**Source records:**
————————
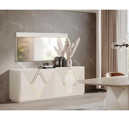 Para complementar, incorpora um espelho e um aparador, através das suas linhas fluidas e detalhes dourados, combinados pelas quatro portas.
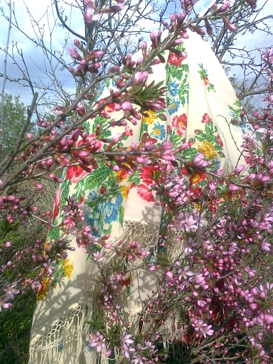 9 мая со мною в весеннем саду у мамы был платок Семена Петровича Рыжова. Белопольный платок с маками, один угол из "Четырех праздников".
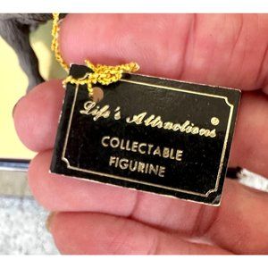 Gold colored cord with tag attached that reads, "Life Attractions Collectible Figurine"
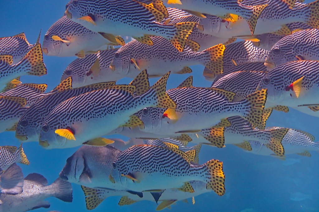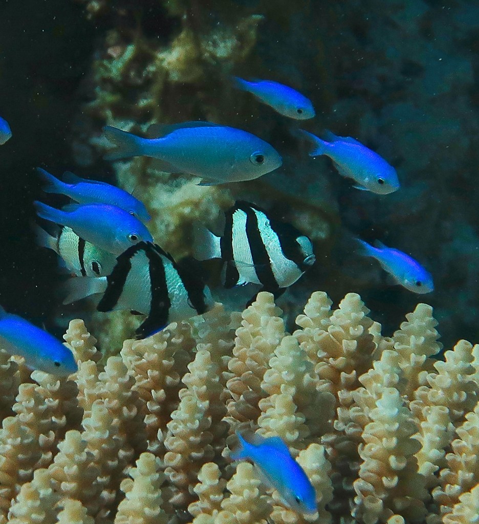 We did the morning briefing and the dive was going to be through a bunch of bommies. Flo said the fish would be all grouped together for safety and warmth.
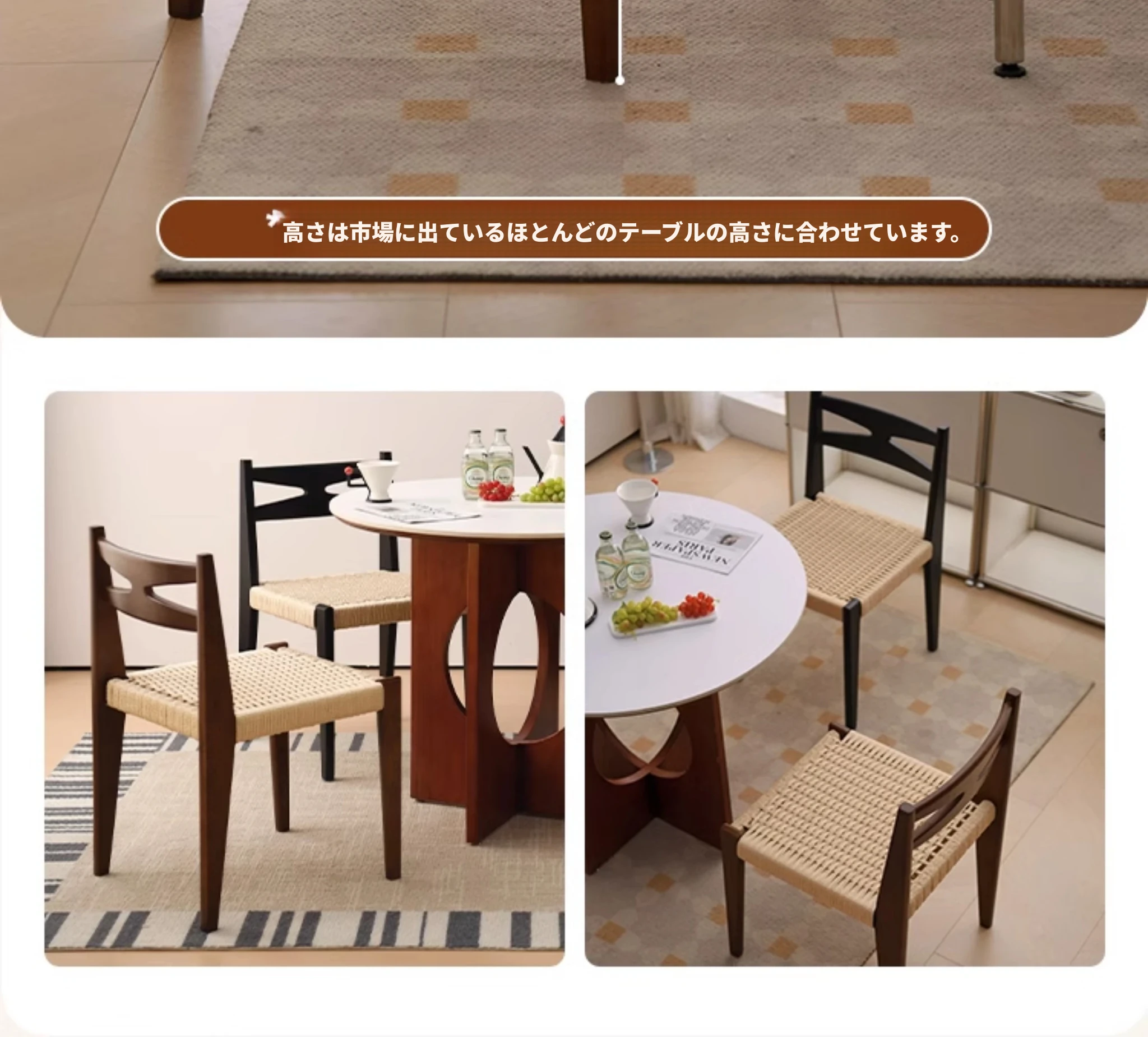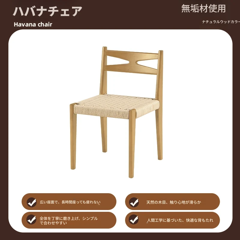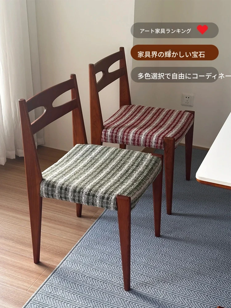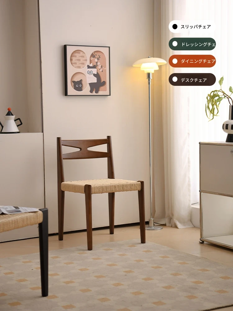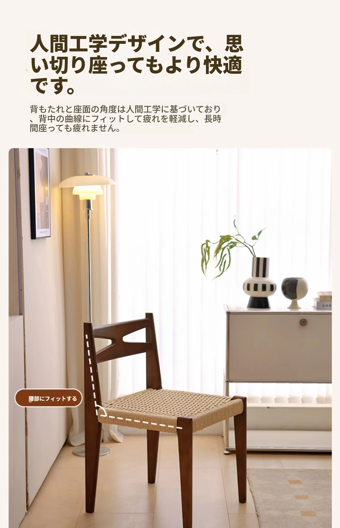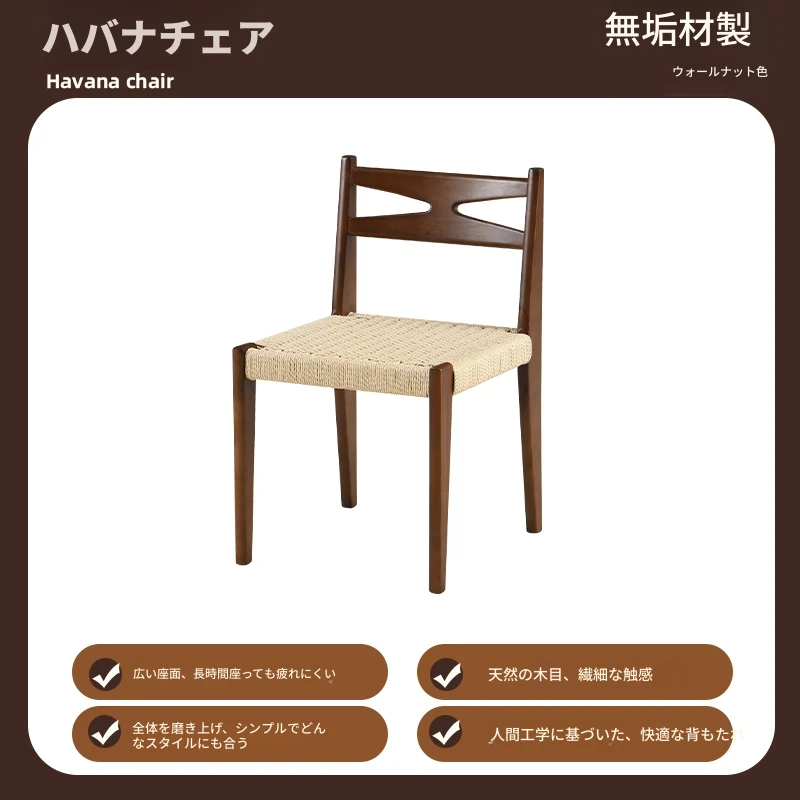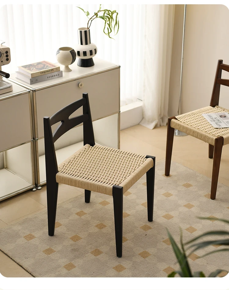 和モダンな侘寂スタイルの無垢材ダイニングテーブル&椅子セット、麻ロープ編みのウィッジチェア、ブラックウォールナットの背もたれ付き。フランス風のヴィンテージデザインで、家庭にぴったりのエレガントな雰囲気を演出します。
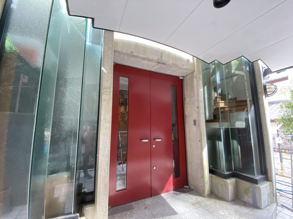 The entrance door is a massive red double swinging door.
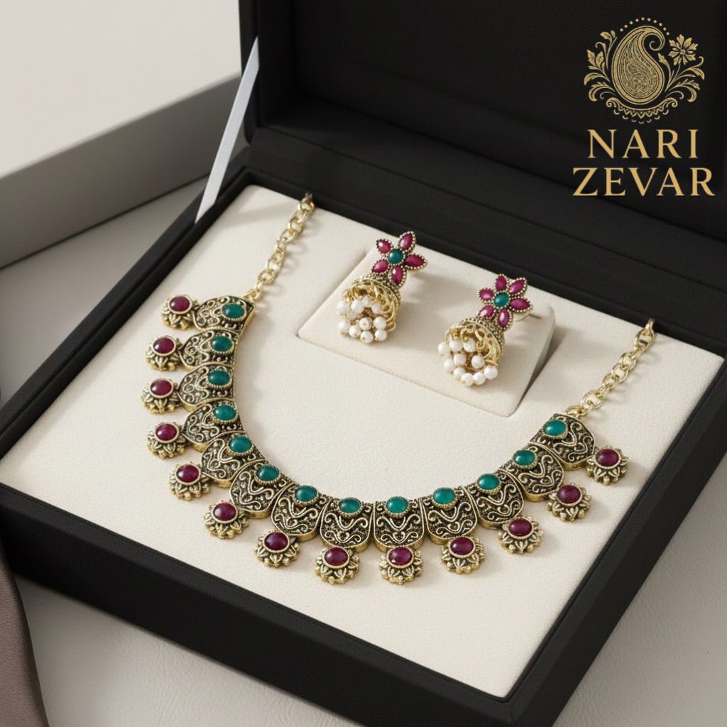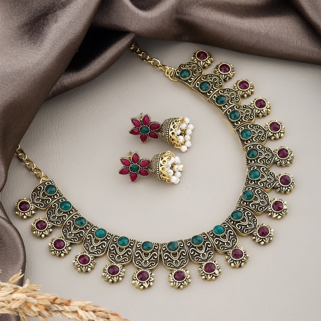 Classic antique tones with vibrant stones, crafted to elevate your festive and ethnic looks.
————————
**PROBLEM DETAILS:** Up to and including the line that contains "We did the morning", print the records above exactly from their first line, without any pictures.

**ANSWER FOR THE TASK:**
 Para complementar, incorpora um espelho e um aparador, através das suas linhas fluidas e detalhes dourados, combinados pelas quatro portas.
 9 мая со мною в весеннем саду у мамы был платок Семена Петровича Рыжова. Белопольный платок с маками, один угол из "Четырех праздников".
 Gold colored cord with tag attached that reads, "Life Attractions Collectible Figurine"
 We did the morning briefing and the dive was going to be through a bunch of bommies. Flo said the fish would be all grouped together for safety and warmth.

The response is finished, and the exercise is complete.